Sixteen teachers will spend the summer studying Native American literature at Western Washington University.

Sixteen teachers will study American Indian literature at Western Washington University this summer, thanks to a $122,000 grant from the National Endowment for the Humanities.

During the five-week Summer Seminar for School Teachers, teachers will study four contemporary Native American novels: The Surrounded by D’Arcy McNickle (Métis), House Made of Dawn by N. Scott Momaday (Kiowa), Winter in the Blood by James Welch (Blackfeet/Gros Ventre), and Ceremony by Leslie Marmon Silko (Laguna Pueblo).

“We will examine these four ‘firsts’ — the first extended narrative by each author — in the contexts of the cultures that they portray,” said Western Washington University English professor John Purdy, who applied for the grant. “These novels represent the achievements of fledgling writers from very different backgrounds and experiences who faced similar artistic and rhetorical challenges when they chose to write a novel.
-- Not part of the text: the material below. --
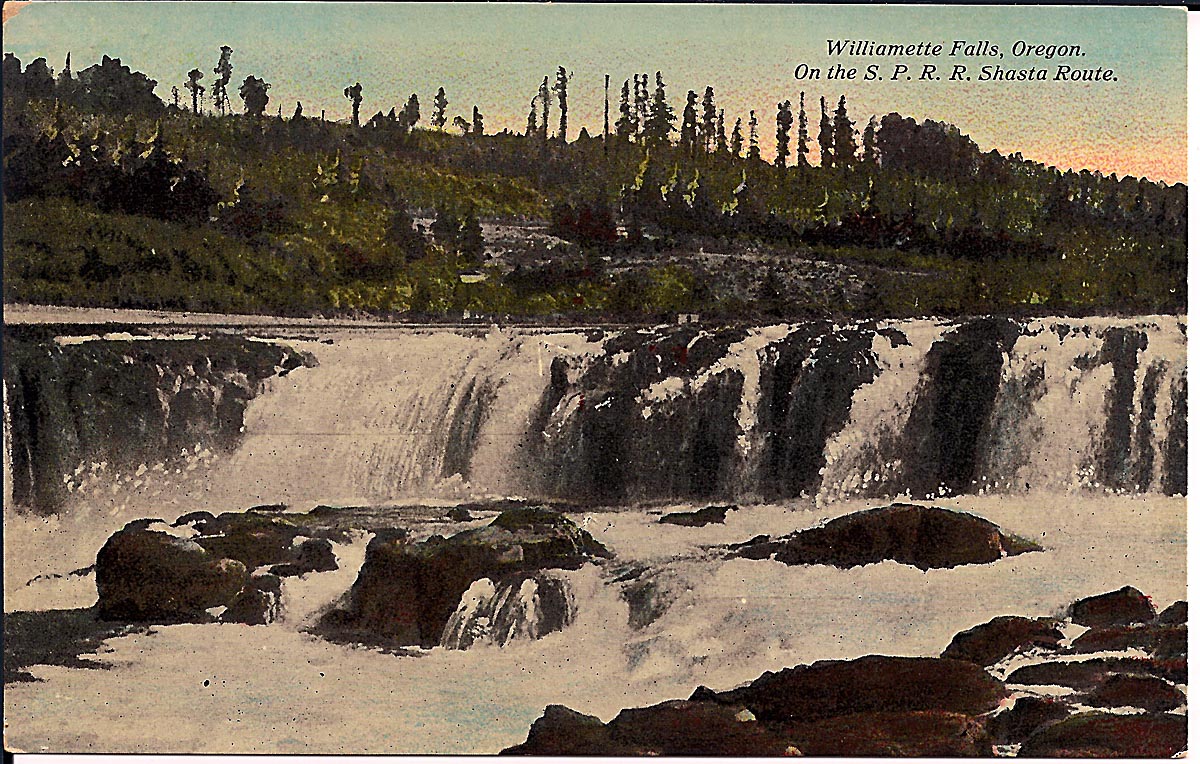 This image of Willamette Falls before the build-up of paper mills on either side comes from a postcard dating from circa 1920.

Each, in turn, provided noteworthy contributions to American literature in general, and collectively have come to reflect a definitive center for the rapidly expanding canon of Native American fiction.”

Purdy is a specialist in Native American literature and developed his university’s Native American studies minor. He is the author of Word Ways: The Novels of D’Arcy McNickle and edited the essay collections The Legacy of D’Arcy McNickle and Nothing But the Truth: an Anthology of Native American Literature.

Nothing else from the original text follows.